I'm trying to use XSLT to convert a simple XML schema to HTML and planned to use fn:replace to replace returns (\n) with <p>;. However, I can't figure out how to use this function properly.

A simplified version of the XSLT I'm using reads:

<?xml version="1.0"?>

<xsl:stylesheet version="1.0" 
                xmlns:xsl="http://www.w3.org/1999/XSL/Transform" 
                xmlns:fn="http://www.w3.org/2005/xpath-functions">
  <xsl:template match="/root">
    <html>
      <body>
        <!-- Replace \n with <p> -->
        <xsl:value-of select="fn:replace(value, '\n', '<p>')" />
      </body>
    </html>
  </xsl:template>
</xsl:stylesheet>

And the input to this XLST is e.g.:

<?xml version="1.0"?>

<root>
  <value><![CDATA[
    Hello
    world!
  ]]></value>
</root>

The conversion fails on fn:replace with an NoSuchMethodException. If I change the replace statement to

<xsl:value-of select="fn:replace('somestring', '\n', '<p>')" />

I get an IllegalArgumentException. How do I use fn:replace to achieve what I want?

I'm using Butterfly XML Editor to test the XSLT.

Answer 1

XPath 2.0 has a replace function that you can use with any XSLT 2.0 processor like Saxon 9 or AltovaXML tools or Gestalt.

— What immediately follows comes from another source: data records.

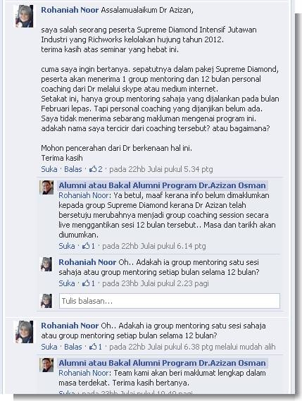 'dr azizan telah bersetuju merubahnya menjadi group coaching session secara live menggantikan sesi 12 bulan tersebut'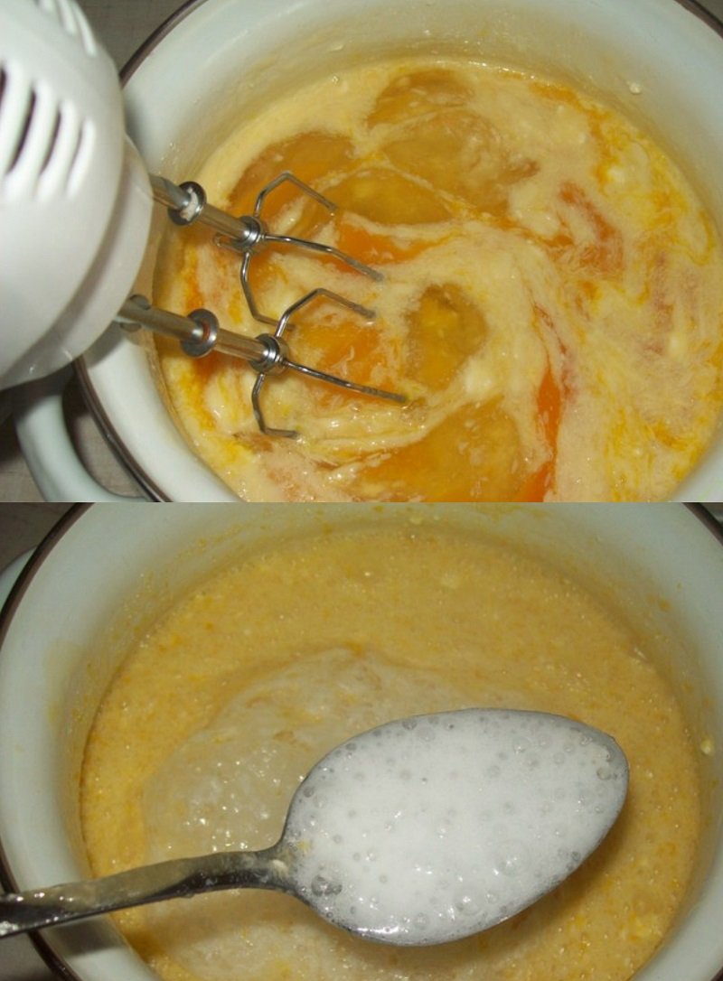 Połącz sodę z octem i wraz z jajkami dodaj do ciasta. Cały czas mieszając dodawaj powoli mąkę.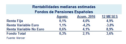 Los Fondos de Pensiones de Empleo han obtenido en agosto una rentabilidad del 0,3% según el Servicio de Medición de Fondos de Pensiones PIPS de Mercer, siendo la renta variable euro la que ha obtenido mayor revalorización. En los últimos meses del año se llega a una rentabilidad del 3,6%.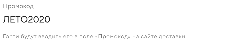 С помощью промокодов ваши гости смогут получать скидку на заказы, которые они совершают на сайте доставки.
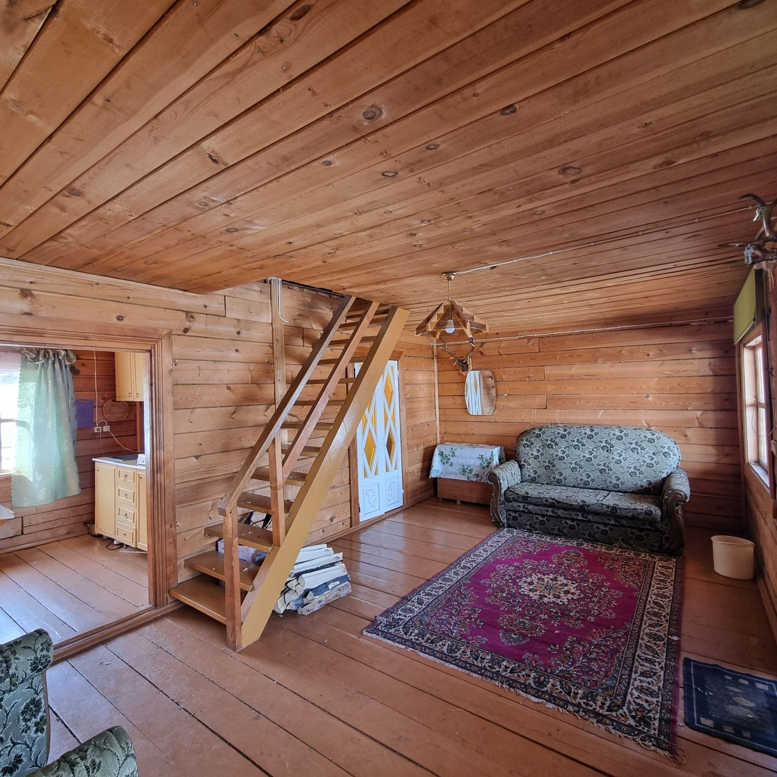 Построен из Бруса, в доме 3 комнаты.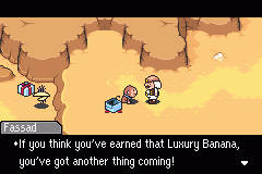 You'll soon come across a present box with a Luxury Banana in it. Fassad quickly grabs it for himself, though. You'll also come across three more present boxes containing Beef Jerky, Bug Spray, and another Running Bomb. These you can keep.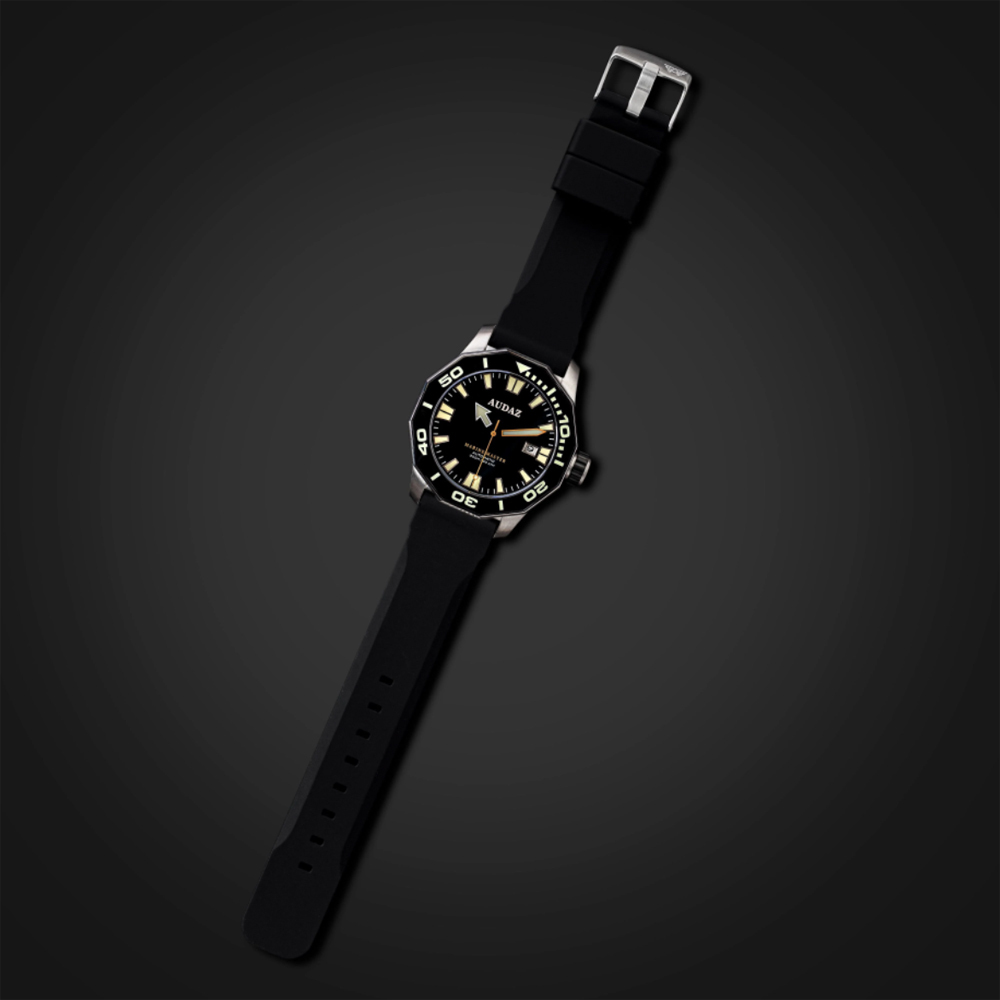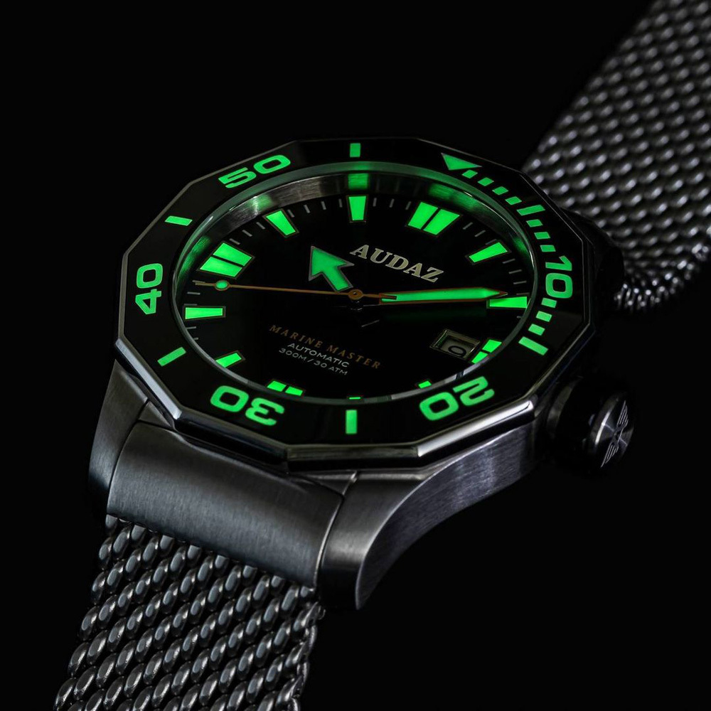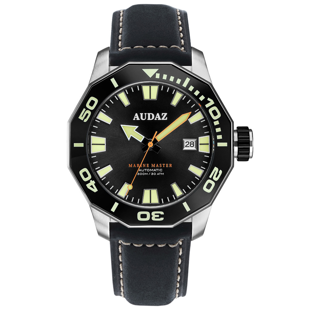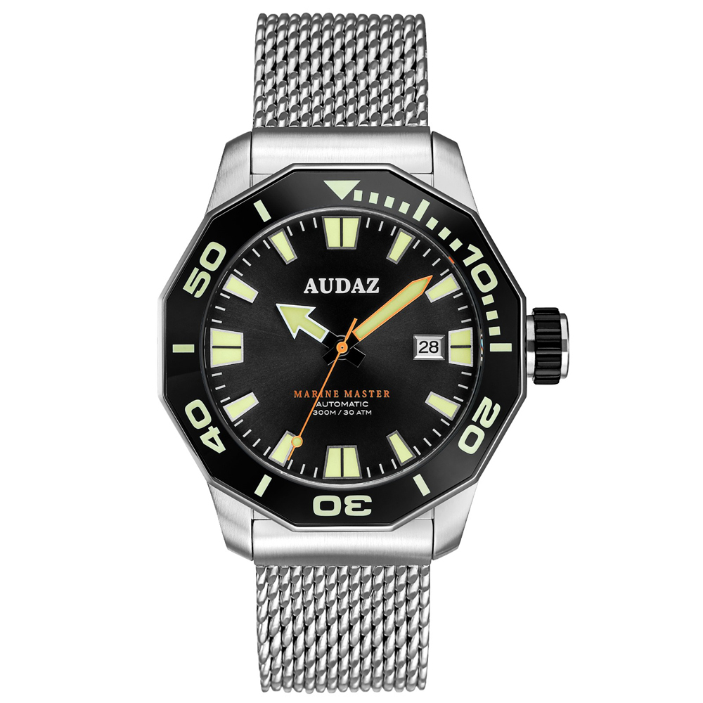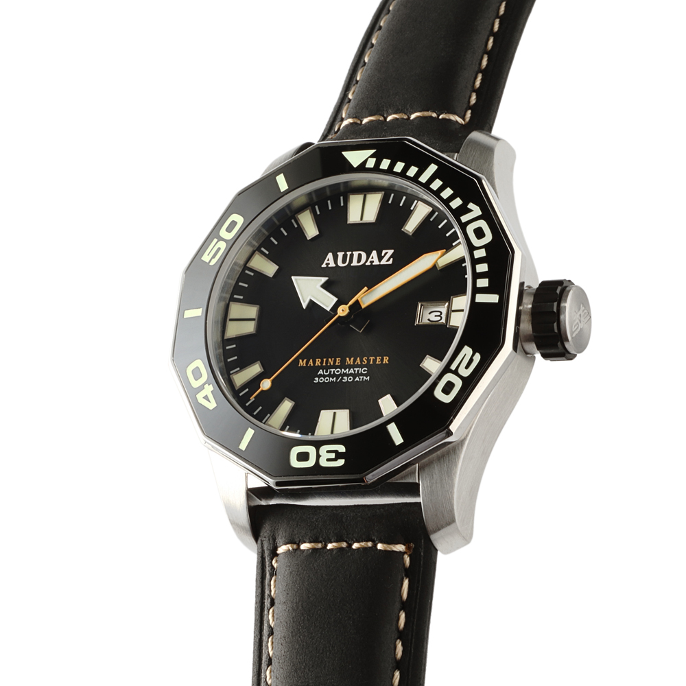 AUDAZ【Marine Master-遠洋大師】300米潛水錶,最大特色在於潛水錶的12邊形錶圈設計,以少見的多邊形元素,賦予潛水錶與眾不同的簡約風範。其二是12邊形與潛水時慣用的5分鐘單位刻度完美契合,方便對齊刻度指標。少了刻紋與凹槽,Marine Master潛水錶的錶圈邊緣便能夠以光滑的亮面呈現,與髮絲紋處理的緞面不鏽鋼錶殼形成對比,增加視覺上的層次感。

You seem to try to use the function with an XSLT 1.0 processor, that is not going to work. In case you are restricted to an XSLT 1.0 processor you will need to implement the replacement with a named recursive template or with the help of an extension.

However note that even with XSLT 2.0 your attempt to use replace seems wrong as you will produce a text node with a 'p' tag markup while I assume you want to create a 'p' element node in the result. So even with XSLT 2.0 using analyze-string instead of replace is more likely to get you the result you want.

Answer 2

By bumping the version attribute of <xsl:stylesheet> to 2.0 and using

<xsl:value-of select="replace(description, '\n', '<p/>')" disable-output-escaping="yes" />

I was able to make the replace work.